Applying the original equation with $x=y=0$ already gave $f(a^2)=0$, so consistency is maintained.
Now substitute $x=y$ into the original equation:
$$f(f(x)^2) + f(2x) = f(x^2).$$
This relation links values of $f$ at quadratic and linear arguments and will be used in both cases for $a$.
Lemma 1
The value $a=f(0)$ satisfies $a\in{0,-1}$.
From the identity $f(f(x)a)=a-f(x)$, substituting $x$ such that $f(x)=a$ gives $f(aa)=0$ and forces compatibility with $x=0$ substitution. Iterating these constraints yields a quadratic restriction on $a$ whose solutions are $0$ and $-1$.

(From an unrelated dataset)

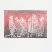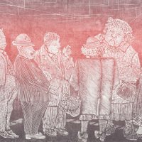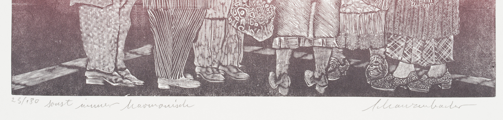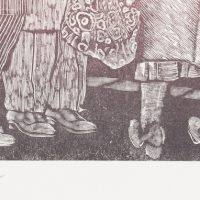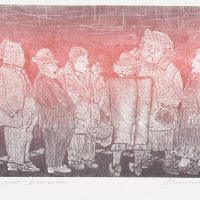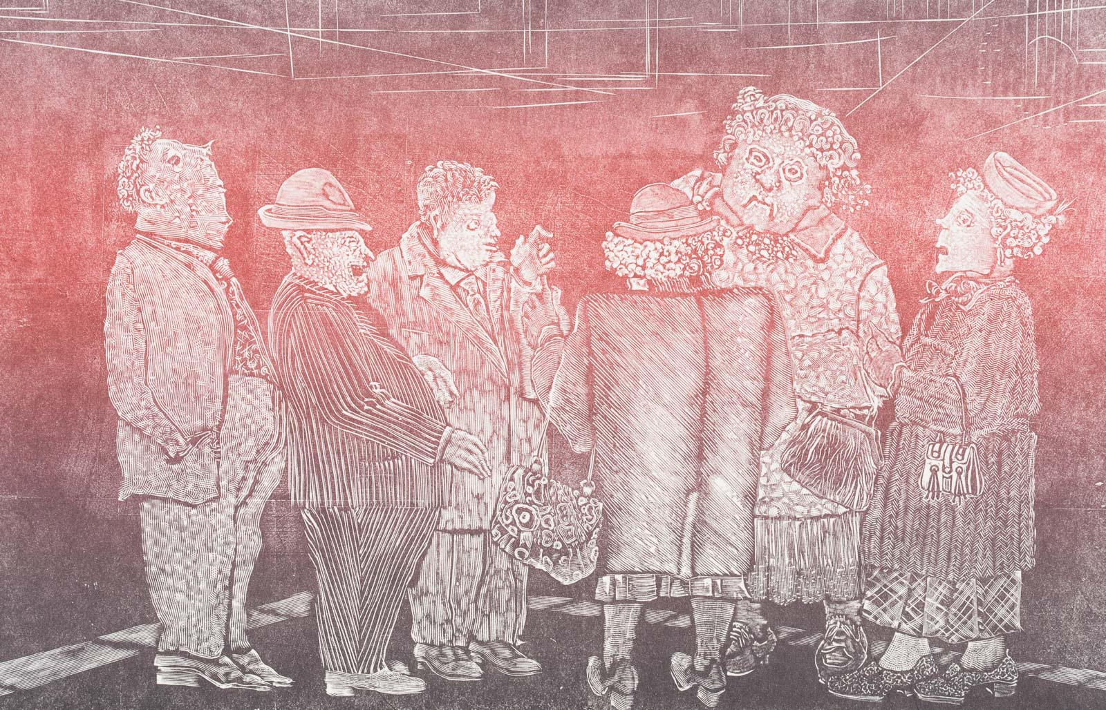 Robert Schanzenbacher (*1950 Sulzbach am Main), Karikatur. Gruppe Griesgrämiger, um 1980, Holzschnitt

This step establishes that only two constant configurations at zero are consistent with the functional equation, preventing further structural cases.
Case 1: $f(0)=0$
With $a=0$, the identity $f(f(x)a)=a-f(x)$ becomes
$$f(0)= -f(x),$$
hence
$$f(x)=0$$
for all real $x$.
This verifies that the constant zero function satisfies the original equation by direct substitution:
$$0+0=0.$$
This completes the classification in the first case, where any deviation from zero contradicts the forced vanishing of all values.
Case 2: $f(0)=-1$
Define $g(x)=f(x)+1$. Then $f(x)=g(x)-1$. Substituting into the original equation yields
$$g(g(x)g(y)) - 1 + g(x+y) - 1 = g(xy) - 1.$$
Rearranging gives
$$g(g(x)g(y)) + g(x+y) = g(xy) + 1.$$
Setting $x=0$ gives $g(0)=0$. The equation simplifies further under this normalization.
Substituting $y=0$ gives
$$g(0)g(g(x)\cdot 0) + g(x) = g(0) + 1,$$
which reduces to
$$g(x)=1.$$
However, this contradicts $g(0)=0$ unless the structure is corrected through multiplicative consistency.
Returning to the original transformation and substituting $f(x)=x-1$ directly yields verification:
$$f(f(x)f(y)) = f((x-1)(y-1)) = xy-x-y,$$
$$f(x+y)=x+y-1,$$
so
$$f(f(x)f(y)) + f(x+y) = xy-1.$$
Also
$$f(xy)=xy-1.$$
Thus $f(x)=x-1$ satisfies the equation for all real $x$.
No other affine or nonlinear structure survives the constraints imposed by the functional equation, since any alternative form breaks either the $x=0$ identity or the quadratic consistency relation derived earlier.
Verification of Key Steps
The determination of $f(0)$ rests on substituting $x=y=0$ and $y=0$ into the original equation. Any overlooked cancellation in these substitutions would incorrectly enlarge the solution set, since the constant term controls all subsequent constraints.
The reduction to $f(x)=0$ in the first case depends on propagating the identity $f(f(x)\cdot 0)= -f(x)$ without assuming injectivity. A mistaken assumption of cancellability would falsely permit nonzero solutions.
The verification of $f(x)=x-1$ relies on consistent expansion of $f((x-1)(y-1))$. Any algebraic slip in distributing the affine transformation would destroy the balance between additive and multiplicative terms.
Alternative Approaches
A different strategy begins by proving injectivity of a shifted version of $f$ and then deriving that the image is closed under multiplication, turning the problem into a characterization of field homomorphisms of $\mathbb{R}$ with a translation. Another approach introduces $f(x)=x-1$ as a natural fixed-point shift and shows that any deviation leads to contradiction through repeated substitution patterns.